**Work task:**
Where the data below begins, start retyping exactly, and end on the line with "Women's Long Sleeve", which is included; no picture goes in.

**Listed entries:**

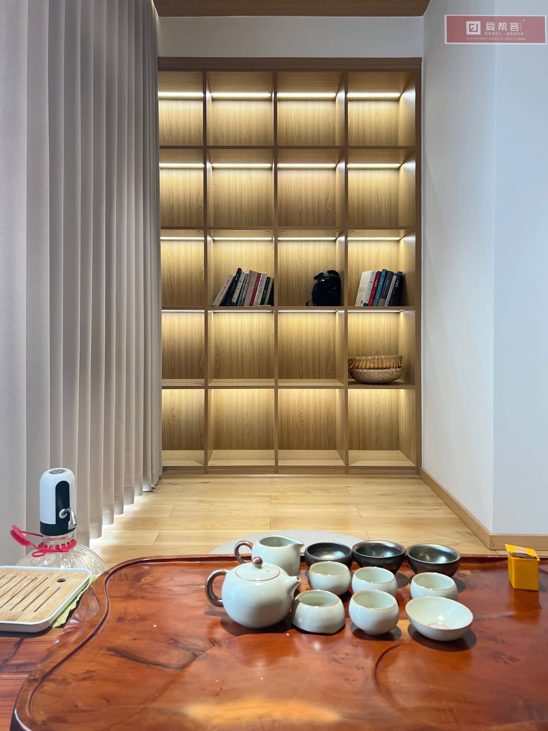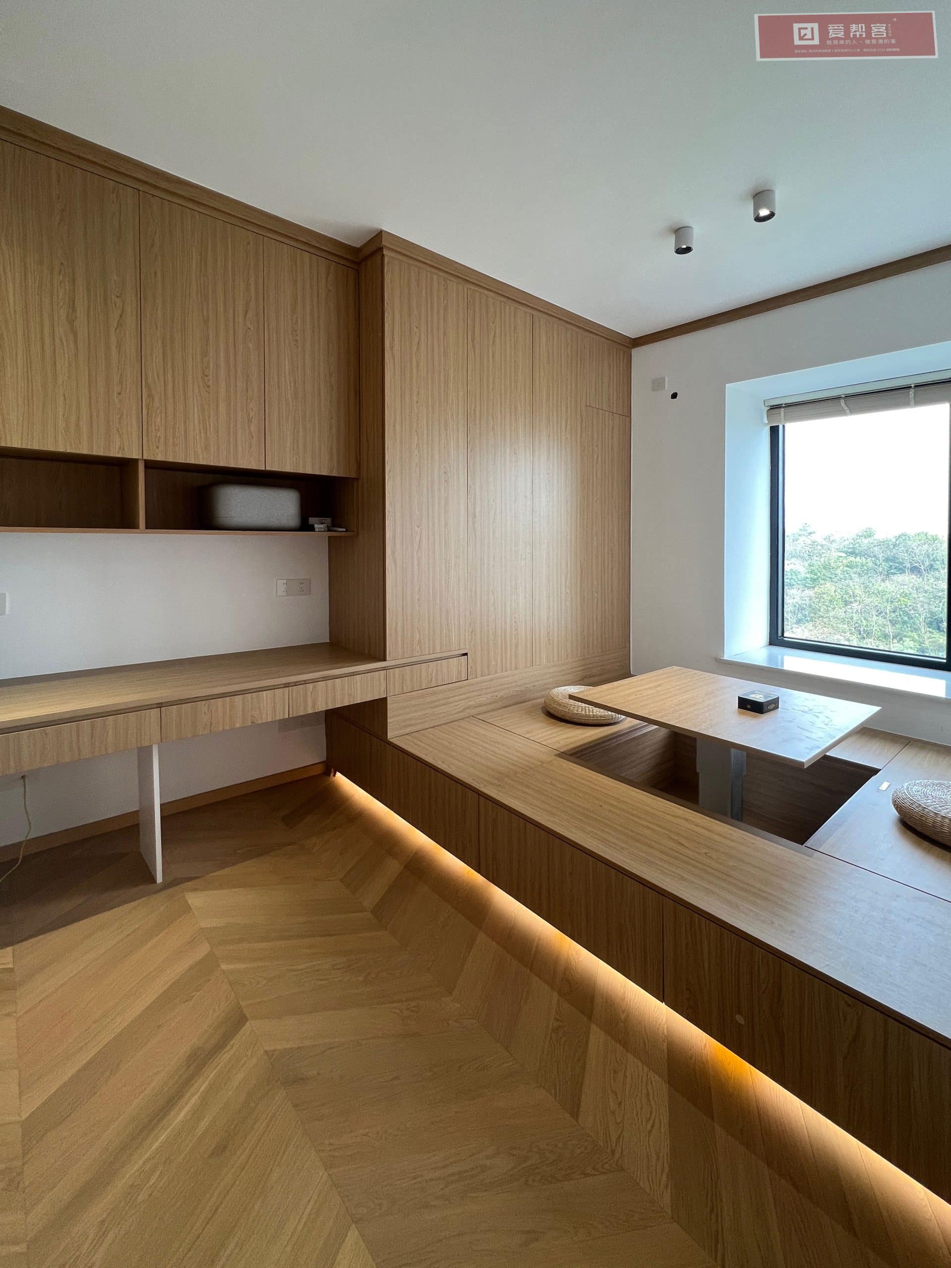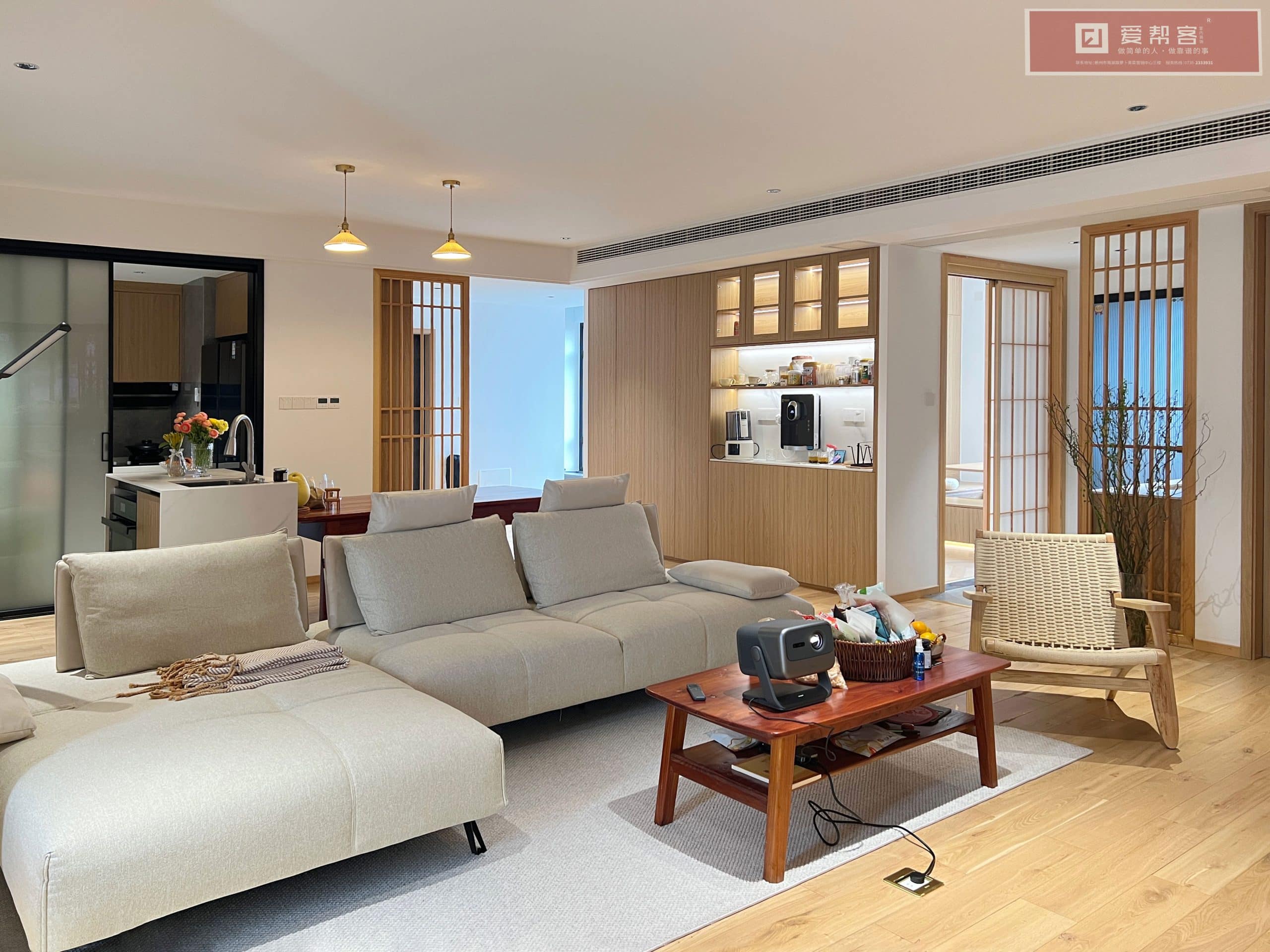 - 材质体系:全屋原木定制柜体、木地板、木格栅造型、涂料及全部主材。
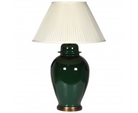 Art deco vysoká porcelánová zeleno-biela stolná lampa Grande s podstavou zlatej farby a riaseným tienidlom 89cm
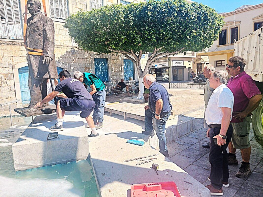 Η τοποθέτηση του ανδριάντα πραγματοποιήθηκε παρουσία του Δημάρχου Καλυμνίων Γιάννη Μαστροκούκου και του δημιουργού του έργου, ο οποίος προσέφερε την καλλιτεχνική του εργασία αφιλοκερδώς. Το κόστος καλύφθηκε από τον Δήμο και με την πολύτιμη συνεισφορά του επιχειρηματία Κωστή Πενταφράγκα, τον οποίο ο Δήμος ευχαριστεί θερμά για τη συνεχή του στήριξη.
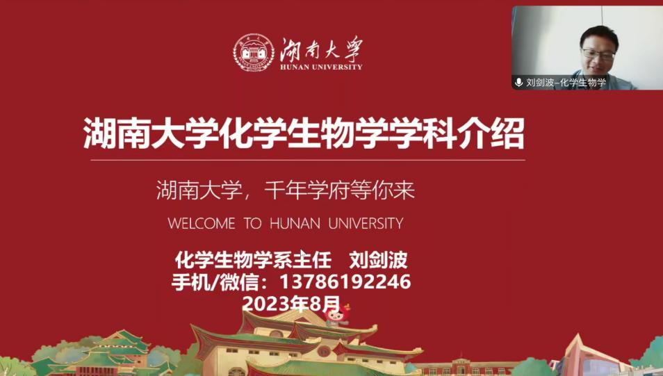 2023年8月17日19:00,通过腾讯会议开展了本科2023级新生专业认知教育。本次会议由化学生物学系主任刘剑波教授主讲。会议由2023级辅导员南彬主持。
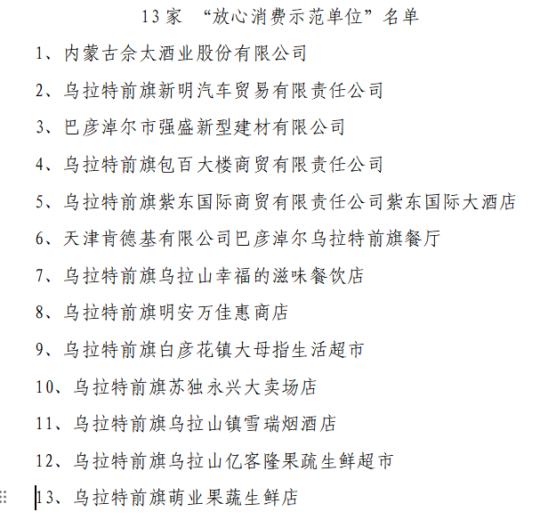乌拉特前旗市场监督管理局为13家“放心消费示范单位”授牌
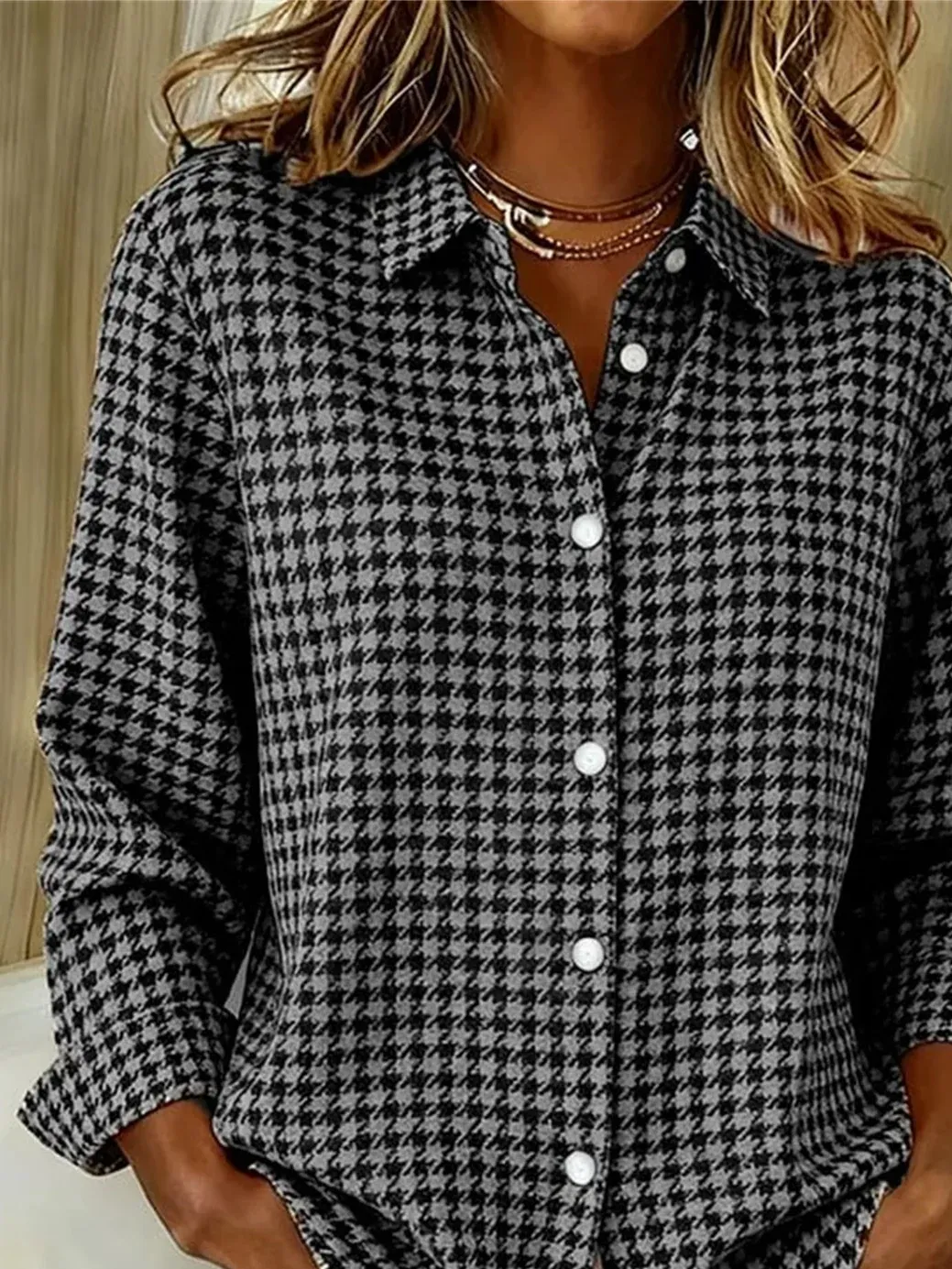 Women's Long Sleeve Shirt Spring/Fall Gray Houndstooth Buckle Shirt Collar Regular Sleeve Daily Going Out Casual Top
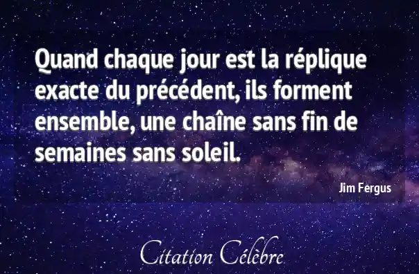 Quand chaque jour est la réplique exacte du précédent, ils forment ensemble, une chaîne sans fin de semaines sans soleil.
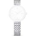 Esta bracelete de relógio Swarovski é feita de aço inoxidável e está fixada ao relógio através de pinos carregados por mola de liberação rápida. A bracelete tem uma largura de 12 mm e fecha através de fivela butterfly com botões de pressão. A bracelete não tem uma montagem a direito, o que significa que esta bracelete só é adequada para os relógios listados abaixo.
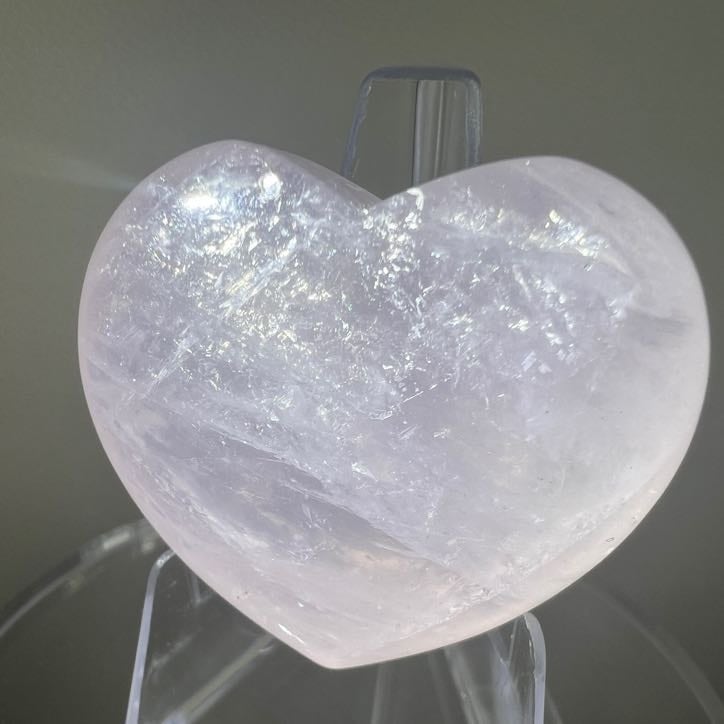 やわらかな淡桃色が心を包み込むようなローズクォーツのハート型原石です。
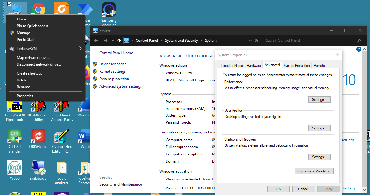 ทำการกำหนด Path ของ compiler โดยไปที่ My com เลือก properties > Advance System settings > แถบ Advanced > เลือก Environment variables
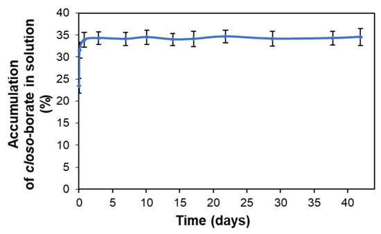 Release of closo-borate from polymer composite containing both CB adsorbed on the surface and dispersed in the bulk of the material (according to 11B NMR spectroscopy).
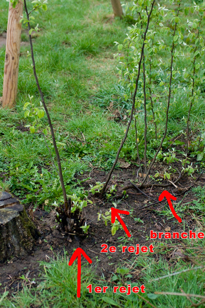 A sa base il y a un petit rejet très vigoureux que je tente de canaliser pour refaire un arbre et il y a aussi un autre rejet que je suppose non franc un peu plus loin.
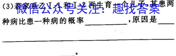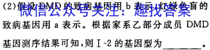 (2)假设DMD的致病基因用b表示,红绿色盲的致病基因用a表示。根据家系乙部分成员DMD基因测序结果可知,则I-2的基因型为。(3)若家系乙I-1和I-2再生育一个儿子,其惠两种病比患一种病的概率,原因是
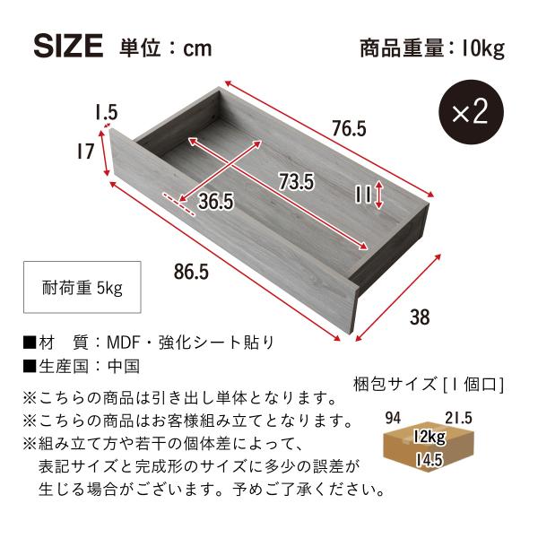 ベッド下収納 収納ボックス 収納ケース キャスター付き おしゃれ 幅86.5cm 大容量 83L ステージベッド専用 引き出し 2杯 Soares(ソアレ) 4色対応

**Exercise solution:**
 - 材质体系:全屋原木定制柜体、木地板、木格栅造型、涂料及全部主材。
 Art deco vysoká porcelánová zeleno-biela stolná lampa Grande s podstavou zlatej farby a riaseným tienidlom 89cm
 Η τοποθέτηση του ανδριάντα πραγματοποιήθηκε παρουσία του Δημάρχου Καλυμνίων Γιάννη Μαστροκούκου και του δημιουργού του έργου, ο οποίος προσέφερε την καλλιτεχνική του εργασία αφιλοκερδώς. Το κόστος καλύφθηκε από τον Δήμο και με την πολύτιμη συνεισφορά του επιχειρηματία Κωστή Πενταφράγκα, τον οποίο ο Δήμος ευχαριστεί θερμά για τη συνεχή του στήριξη.
 2023年8月17日19:00,通过腾讯会议开展了本科2023级新生专业认知教育。本次会议由化学生物学系主任刘剑波教授主讲。会议由2023级辅导员南彬主持。
乌拉特前旗市场监督管理局为13家“放心消费示范单位”授牌
 Women's Long Sleeve Shirt Spring/Fall Gray Houndstooth Buckle Shirt Collar Regular Sleeve Daily Going Out Casual Top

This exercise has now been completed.